Come to think of it, the University of Cambridge has been completely apathic to its students’ concerns. There are some things I can’t blame them for. For example, if they were to reduce tuition fees for the disruption, many colleges would go bankrupt. However, other things have little rationale. Among other things,
- The University required us all to move into residence in Michaelmas term 2020 (some colleges made exemptions, but many colleges did not), irresponsibly giving colleges the right to kick students out at no notice and send sick students all across the globe
- Despite the Departments’ own admission that the quality of work has gone down across the board, the University continues to insist on the usual format of exams, without any safety net
- University-wide emails from Vice Chancellor Stephen Toope and Senior Pro-Vice-Chancellor Graham Virgo continue to present the message that students have a continued responsibility for their own learning, ignoring how difficult it can be to study this term
Compare this last point to many tech companies (including the beloved company where I work, Arm*), where the message is that it’s okay to be feeling less productive than usual, and that the number one priority is to look out for our own wellbeing. Being both a student and an employee has shown me a stark disparity in how much those who represent us – and who we represent – care about us as people.
As we went back down to continue exploring Cambridge, we discussed the implications the pandemic would have on the rest of the year. It was difficult to tell the extent of the toll Covid’s taken upon our lives, or even whether we would return next term. The extent of the disruption we’ve faced (and would continue to face) was massive, and we were under no illusion that it would be months before things returned to normal.
But there we were, students at one of the world’s most famous and prestigious universities. Although much of it was now online, Cambridge still had a lot to offer. We could still access key speakers, language courses and the college’s generous bursaries. We could still speak to world-leading academics, finding ways to contribute to the cutting-edge of human knowledge. And programmes like Hackbridge were still looking for people to contribute, and for ways to help those who had been affected by Covid.
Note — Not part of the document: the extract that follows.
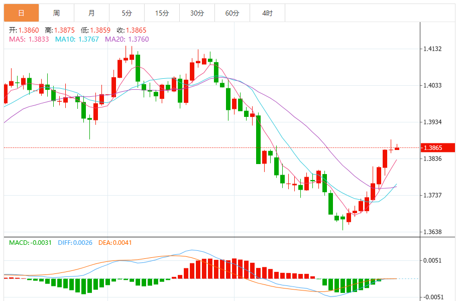 周五,美元/加元徘徊于1.3867下方,现交投于1.3865附近,涨幅0.03%。

But, most of all, we’d adapted as students. Throughout the pandemic, we looked for for new ways to connect and look after one another. While our friendships were greatly strained by the lockdown, our friends were out there, still thinking about us, and when everything’s over, there’d be huge celebration, our bonds stronger than ever before. We’d be able to look back on our experiences and see how resilient we’d been. We’d be the proud soldiers who’d fought the pandemic and won.
I just hope the cost wasn’t too great.
* Following from my internship, I was granted a return offer to work as a Part-Time Undergraduate employee. The opinions expressed are my own views and not those of my employer.